3. Example: Word Count (MapReduce)
Input:
- Line 1: “most people ignore most poetry”
- Line 2: “most poetry ignores most people”
Map Output:
- (most, 1), (people, 1), (ignore, 1), (most, 1), …
Grouped:
- (most, [1,1,1,1]), (people, [1,1]), (poetry, [1,1]), …
Reduce Output:
- (most, 4), (people, 2), (poetry, 2), …
4. Formal Definitions
Map Function:
(key1, val1) → List of (key2, val2)
Reduce Function:
(key2, List(val2)) → List(val2)
5. Actual Data & Control Flow (Steps)
Step | Description |
---|---|
1️⃣ Data partitioning | Partition Input Data stored in Google File System (GFS) |
2️⃣ Computation partitioning | Fork user programs on cluster nodes (master & workers) |
3️⃣ Determining the master and workers | Assign map/reduce tasks to workers |
4️⃣ Reading the input data | Map workers read their data block |
5️⃣ Map function | Map() processes and outputs intermediate (key, value) pairs |
6️⃣ Combiner function | (Optional) Combiner locally reduces map output before sending |
7️⃣ Partitioning function | Partitioning Function (e.g., hash(key) % R) groups data for reduce |
8️⃣ Synchronization | Synchronization: Reduce starts only after all map tasks complete |
9️⃣ Communication | Communication: Reduce workers pull grouped data from mappers |
🔟 Sorting and grouping | Data is sorted & grouped locally at each reduce worker |
1️⃣1️⃣ Reduce function | Reduce() processes grouped data and stores final output |


6. Compute-Data Affinity
MapReduce is designed to bring the computation to where the data is (instead of sending large data to computation), minimizing network load.

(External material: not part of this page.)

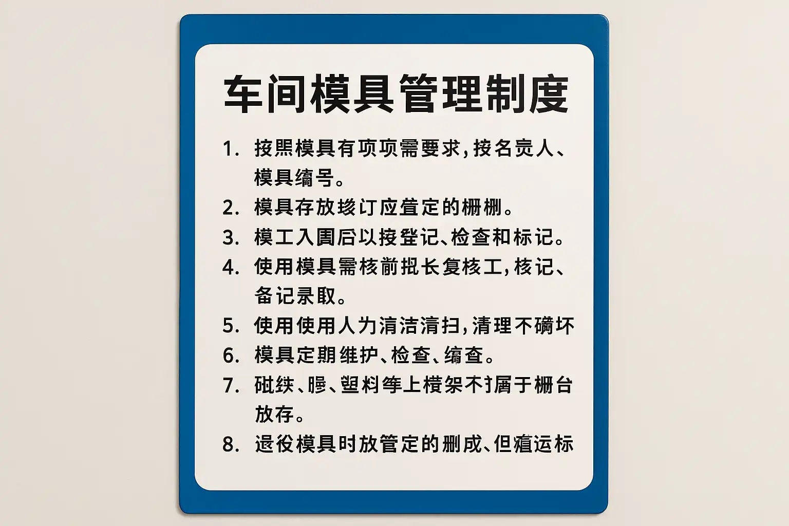 - 明确责任划分 每套模具指定专人负责,从交接班文档中逐级落实到个人绩效指标(KPI)。

This works efficiently with GFS where data is stored in 64MB blocks (same size as MapReduce splits).
7. Twister and Iterative MapReduce
Twister is an advanced version of MapReduce, also called MapReduce++, designed to handle iterative applications like machine learning (e.g., K-means, PageRank).
Why Twister:
- Traditional MapReduce:
- Writes intermediate output to disk → slow
- No built-in support for iterations
- Twister:
- Keeps long-running threads
- Shares static data
- Streams only delta data (changes) → avoids writing to disk repeatedly
- More efficient for iterative programs
Comparison with MPI:
Feature | MapReduce | MPI |
---|---|---|
Communication | Full data flow | Only delta flow |
Disk Writes | Frequent | None (in-memory) |
Performance | Slower | Faster |
Fault Tolerance | Strong | Weak |
Iteration Support | Not built-in | Yes |
Differences: Hadoop vs Twister vs MPI
Paradigm | Intermediate Data | Supports Iteration | Disk Usage |
---|---|---|---|
Hadoop (MR) | Written to disk | No | High |
Twister | In-memory streaming | Yes | Low |
MPI | In-memory, delta | Yes | Very low |